According to an outdated set of laws in North Carolina, a man or woman cannot legally claim to have been raped, if, at any point, they consented to sex with their partner.
This backwards law has had a detrimental effect on more than one legitimate rape case, allowing perpetrators of violent, violating crimes to escape punishment on a confusing technicality.
Thanks to current laws in the state, if a person initially granted consent for a sexual act, that consent cannot be revoked, in the eyes of the law, for the remainder of the act. Simply, by consenting at one moment, a participant is then trapped in the intercourse with no recourse.
The precedent was set in a 1979 state supreme court ruling which established the rules of consent. That ruling has never been overturned, resulting in a lack of justice for many victims.
“North Carolina woman, Amy Guy, … was estranged from her husband when he showed up unannounced at her new home and demanded she sleep with him. Her husband had been violent in the past, Guy said, so she consented. When he began to hurt her, she told him to stop. He did not.”

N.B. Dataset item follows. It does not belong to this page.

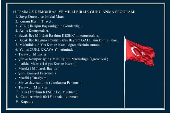 Bucak Kaymakamlığı’ndan 15 Temmuz Anma Programına Davet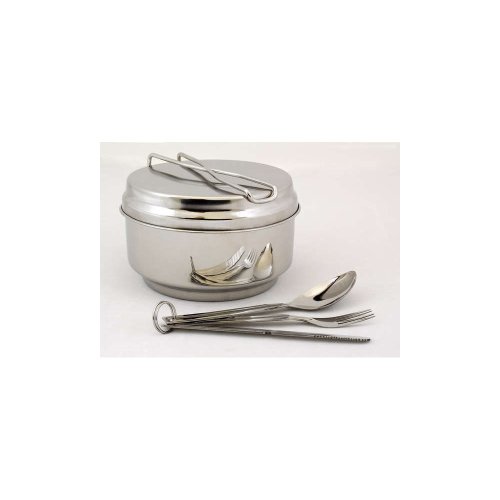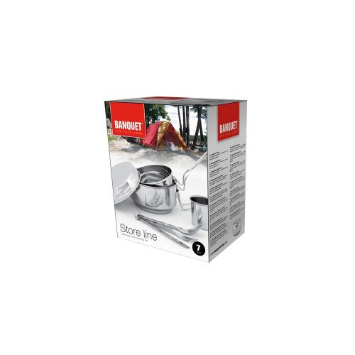 7dielna kempingová súprava STORE LINE obsahuje - 1x veľký ešus s priemerom 15 cm so sklopným držadlom a viečkom, objem nádoby 1,4 l, 1x malý ešus 13 cm so sklopným držadlom, objem 1 l, 1x hrnček s priemerom 7 cm a objemom 1 nôž. Sada je vyrobená z nerezu.

Guy pursued felony rape charges against her husband, but because of the established ruling, her husband pleaded guilty to a lesser misdemeanor charge. Guy is just one of many women and men who have faced legal hurdles thanks to existing law.
Simply, it must be changed.
State Senator Jeff Jackson has introduced legislation which could amend the law to be more accurate, an action inspired by his previous career as a criminal prosecutor.
In a statement announcing the legislation, Jackson explained,
“North Carolina is the only state in the country where no doesn’t really mean no. We have a clear ethical obligation to fix this obvious defect in our rape law.”
The legislation will hopefully be a slam-dunk. After all, what argument could possibly be made to argue that it should remain as un-encompassing and restrictive as it is now? Most sane people believe that we are ultimately both responsible for and allowed to decide what happens with our own bodies, our own lives.
If victims in North Carolina are being denied justice because of a badly written law in need of amending, then fixing that law should be as simple as it can be.